◆ WORK TO BE COMPLETED ◆
The result should be the listing below, restated exactly, with its pictures left out.

DATA SEGMENT Start Marker

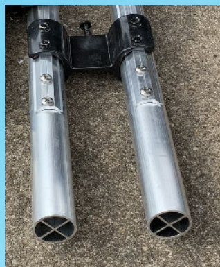
Safe 'n Secure Fencing uses superior strength aluminum quad-core poles.
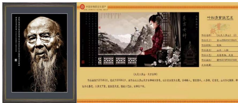
Figure 1: Three-dimensional character paper-cut design (work of Teacher Ye Qingsong)

The distinguishing feature of Guangxin paper-cut from other paper-cuts is that it is a three-dimensional artistic depiction. By using multi-layer color three-dimensional paper-cutting, emphasizing thematic creation and visual language, selecting special paper, integrating rigorous dyeing technology and sticking technology, each process is linked and key step by step, boldly using multi-layer color overlay production method, so that the plane paper-cutting art can produce three-dimensional effect. After picture creative processing, layering, painting, smoking, engraving, mounting and other more than 30 procedures to complete. For example, Figure 1 shows the three-dimensional figure paper-cut works of Master Ye Qingsong. It is not difficult to see that three-dimensional carving works are made by using flat paper-cut. Use black, white and gray to make the whole work become three-dimensional. Among them, the key part of "image processing method" and manual "dyeing paper" technique are very important links of color multi-layer three-dimensional paper cutting technology. Characteristics of paper carving: "Yin engraving see color, Yang engraving see knife, according to the shape of objects, with the class of color", with "full composition, vivid modeling, gorgeous color, unique technology" and other characteristics; Especially in the aspect of portrait, more traditional paper-cut incomparable unique artistic techniques.

DATA SEGMENT End Marker

◆ EXERCISE OUTPUT ◆
Safe 'n Secure Fencing uses superior strength aluminum quad-core poles.
Figure 1: Three-dimensional character paper-cut design (work of Teacher Ye Qingsong)

The distinguishing feature of Guangxin paper-cut from other paper-cuts is that it is a three-dimensional artistic depiction. By using multi-layer color three-dimensional paper-cutting, emphasizing thematic creation and visual language, selecting special paper, integrating rigorous dyeing technology and sticking technology, each process is linked and key step by step, boldly using multi-layer color overlay production method, so that the plane paper-cutting art can produce three-dimensional effect. After picture creative processing, layering, painting, smoking, engraving, mounting and other more than 30 procedures to complete. For example, Figure 1 shows the three-dimensional figure paper-cut works of Master Ye Qingsong. It is not difficult to see that three-dimensional carving works are made by using flat paper-cut. Use black, white and gray to make the whole work become three-dimensional. Among them, the key part of "image processing method" and manual "dyeing paper" technique are very important links of color multi-layer three-dimensional paper cutting technology. Characteristics of paper carving: "Yin engraving see color, Yang engraving see knife, according to the shape of objects, with the class of color", with "full composition, vivid modeling, gorgeous color, unique technology" and other characteristics; Especially in the aspect of portrait, more traditional paper-cut incomparable unique artistic techniques.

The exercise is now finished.